§ **Information supplied**:
|---|
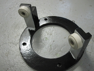 La couronne contre plaque dans la cabine arrière est atteinte par la rouille. Ponçage et peinture anti-rouille, puis de nouvelles butées de fin de course en caoutchouc.
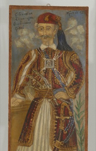Ο αυτοδίδακτος ζωγράφος Θεόφιλος εικονίζει στα έργα του πρόσωπα και γεγονότα της μυθολογίας, της σύγχρονης, νεότερης και αρχαίας ιστορίας, συμβολικές παραστάσεις, τοπία, σκηνές από την καθημερινή ζωή και προσωπογραφίες. Αντλεί έμπνευση από το εθνικό ιστορικό παρελθόν, αντιγράφει ευρωπαϊκές καρτ-ποστάλ και εικονογραφημένες λαϊκές εκδόσεις ή παρατηρεί άμεσα τη φύση. Η ζωγραφική του, με δισδιάστατη αντίληψη του χώρου και της προοπτικής, προσωπική και ελεύθερη χρήση του χρώματος, συνοδεύεται από γραπτά σχόλια που προεκτείνουν και επεξηγούν την εικόνα.
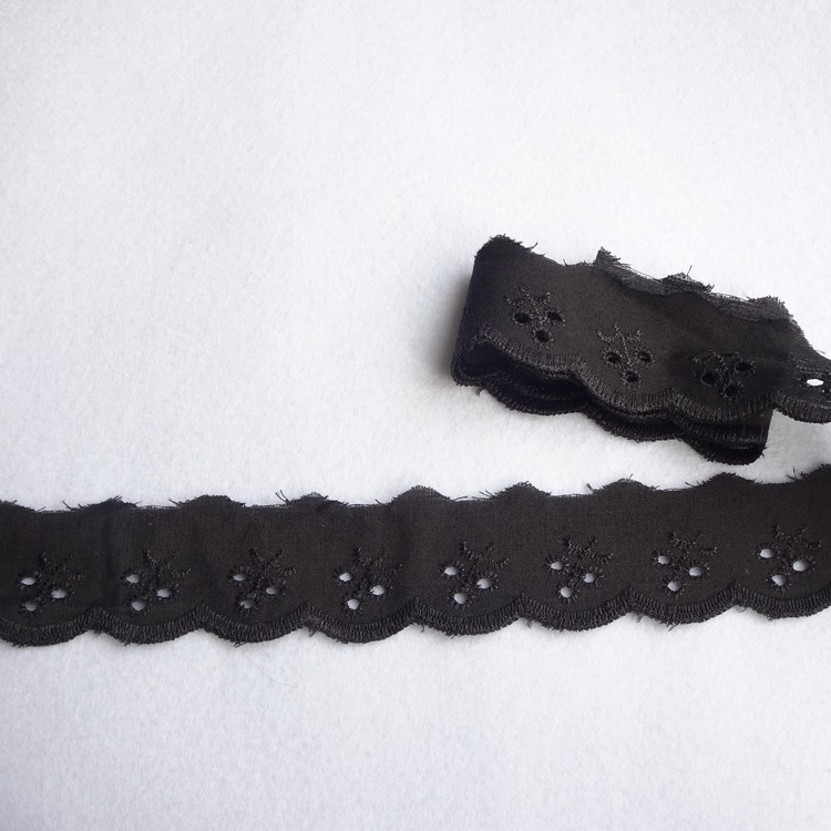 Flat Black Broderie Anglaise Lace - 35mm Wide
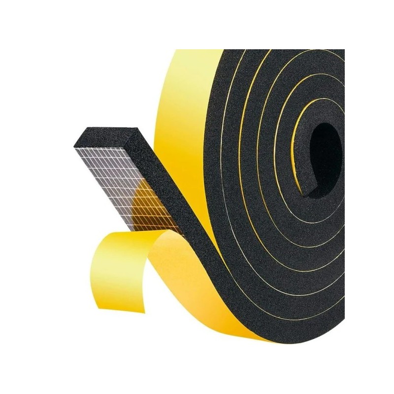 Profilo in gomma spugna con lato adesivo per applicazione diretta. 7 misure con sezioni da 10x3 a 40x10 mm.
|---|
§ **What is required**:
Only the pictures are to be left out; restate everything else in the listing word for word.

§ **Response box**:
 La couronne contre plaque dans la cabine arrière est atteinte par la rouille. Ponçage et peinture anti-rouille, puis de nouvelles butées de fin de course en caoutchouc.
Ο αυτοδίδακτος ζωγράφος Θεόφιλος εικονίζει στα έργα του πρόσωπα και γεγονότα της μυθολογίας, της σύγχρονης, νεότερης και αρχαίας ιστορίας, συμβολικές παραστάσεις, τοπία, σκηνές από την καθημερινή ζωή και προσωπογραφίες. Αντλεί έμπνευση από το εθνικό ιστορικό παρελθόν, αντιγράφει ευρωπαϊκές καρτ-ποστάλ και εικονογραφημένες λαϊκές εκδόσεις ή παρατηρεί άμεσα τη φύση. Η ζωγραφική του, με δισδιάστατη αντίληψη του χώρου και της προοπτικής, προσωπική και ελεύθερη χρήση του χρώματος, συνοδεύεται από γραπτά σχόλια που προεκτείνουν και επεξηγούν την εικόνα.
 Flat Black Broderie Anglaise Lace - 35mm Wide
 Profilo in gomma spugna con lato adesivo per applicazione diretta. 7 misure con sezioni da 10x3 a 40x10 mm.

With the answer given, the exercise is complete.